> [Instructions for the task] What is needed is an exact repetition of the lines from the first one in the data through the line with "鼓藏肉就是水煮五花肉,是苗族", with no pictures.

> [Data]
'''
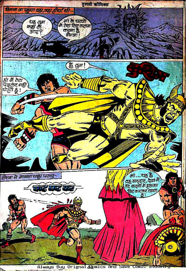 जब नैन्जा को समझ आता है कि जनता और सेना दोनों अब उसके खिलाफ हो चुके हैं, तो वह डरकर भागने की कोशिश करता है। योशो और नैन्जा के बीच होने वाला हवाई युद्ध (Aerial Battle) इस कॉमिक्स का चरम बिंदु है। योशो हवा में उड़ते हुए विमानों को अपनी अग्नि शक्ति से तबाह कर देता है।
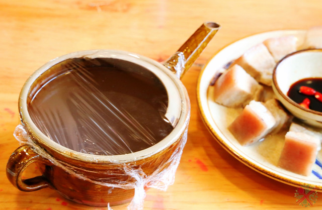 鼓藏肉就是水煮五花肉,是苗族人过鼓藏节的硬菜,寓意“金银财富”。经过水煮的黑毛猪肉,块头大看起来肥腻,我喜欢放在酸汤里煮一下,再沾上酱料来吃。
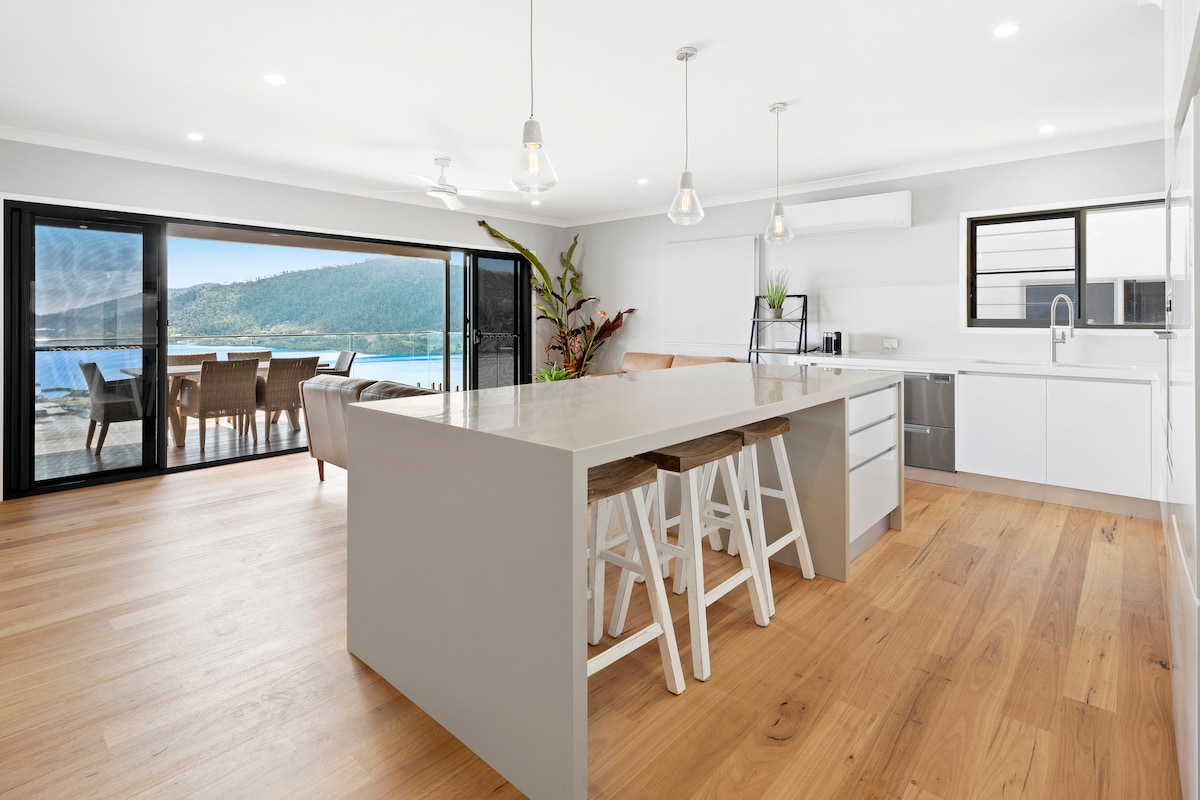 Una casa dal design architettonico unico, costruita per sfruttare la brezza marina e splendide viste sull'oceano. Affacciata su Gloucester Island, questa casa è stata progettata appositamente per questo clima, con alti soffitti a cattedrale, una zona giorno open space e un ampio balcone che offre una magnifica vista a 180 gradi sul mare e sulla brezza delle Whitsunday. Dispone di 3 camere da letto con aria condizionata, 2 bagni, cucina completamente attrezzata con macchina da caffè Nespresso e una splendida piscina privata. Gli animali domestici saranno presi in considerazione su richiesta.
'''
> [Exercise output]
 जब नैन्जा को समझ आता है कि जनता और सेना दोनों अब उसके खिलाफ हो चुके हैं, तो वह डरकर भागने की कोशिश करता है। योशो और नैन्जा के बीच होने वाला हवाई युद्ध (Aerial Battle) इस कॉमिक्स का चरम बिंदु है। योशो हवा में उड़ते हुए विमानों को अपनी अग्नि शक्ति से तबाह कर देता है।
 鼓藏肉就是水煮五花肉,是苗族人过鼓藏节的硬菜,寓意“金银财富”。经过水煮的黑毛猪肉,块头大看起来肥腻,我喜欢放在酸汤里煮一下,再沾上酱料来吃。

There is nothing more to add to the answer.